» **Assigned task**
In the listing beneath this line, copy exactly the lines starting with the one containing "第3番「グランドソナタ」、シュタコフヴィチ作曲 ピアノソナタ 第1番など。" and going on through the one containing "Городок Барабинск в".

» **Given data**
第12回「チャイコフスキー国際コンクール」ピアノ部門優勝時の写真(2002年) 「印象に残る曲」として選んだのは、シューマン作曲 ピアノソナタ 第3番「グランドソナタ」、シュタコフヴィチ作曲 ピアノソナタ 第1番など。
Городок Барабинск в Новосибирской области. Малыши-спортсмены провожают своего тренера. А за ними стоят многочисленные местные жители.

...

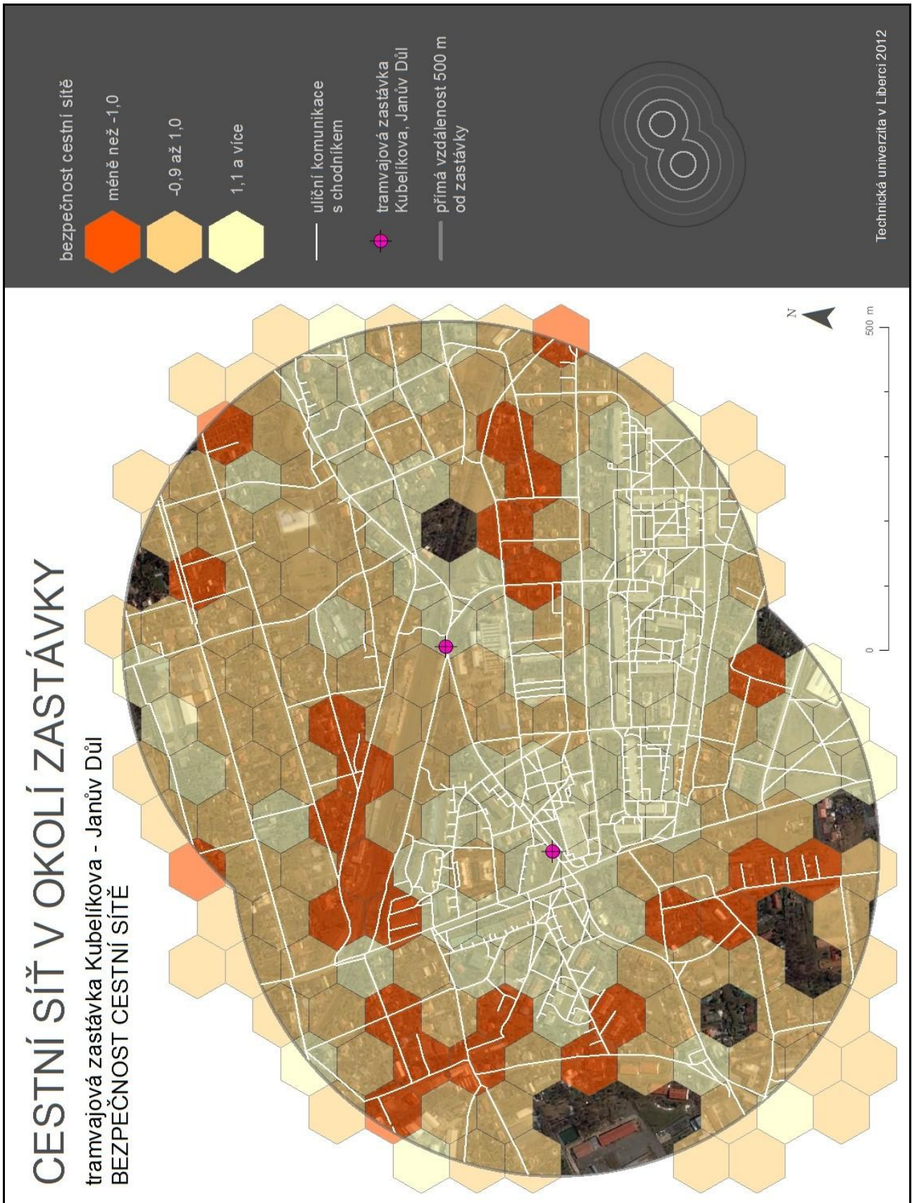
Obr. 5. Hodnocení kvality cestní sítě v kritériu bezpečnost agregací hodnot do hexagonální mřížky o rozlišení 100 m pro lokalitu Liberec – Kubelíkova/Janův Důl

* * *

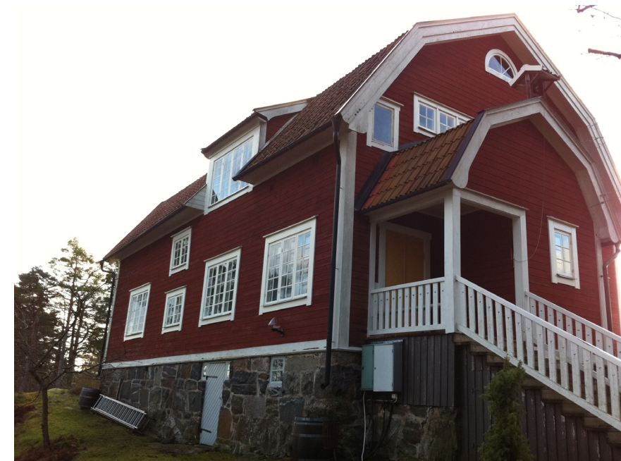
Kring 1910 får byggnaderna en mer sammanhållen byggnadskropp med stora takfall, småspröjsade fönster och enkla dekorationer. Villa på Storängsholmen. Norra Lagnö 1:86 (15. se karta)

» **Your solution**
第12回「チャイコフスキー国際コンクール」ピアノ部門優勝時の写真(2002年) 「印象に残る曲」として選んだのは、シューマン作曲 ピアノソナタ 第3番「グランドソナタ」、シュタコフヴィチ作曲 ピアノソナタ 第1番など。
Городок Барабинск в Новосибирской области. Малыши-спортсмены провожают своего тренера. А за ними стоят многочисленные местные жители.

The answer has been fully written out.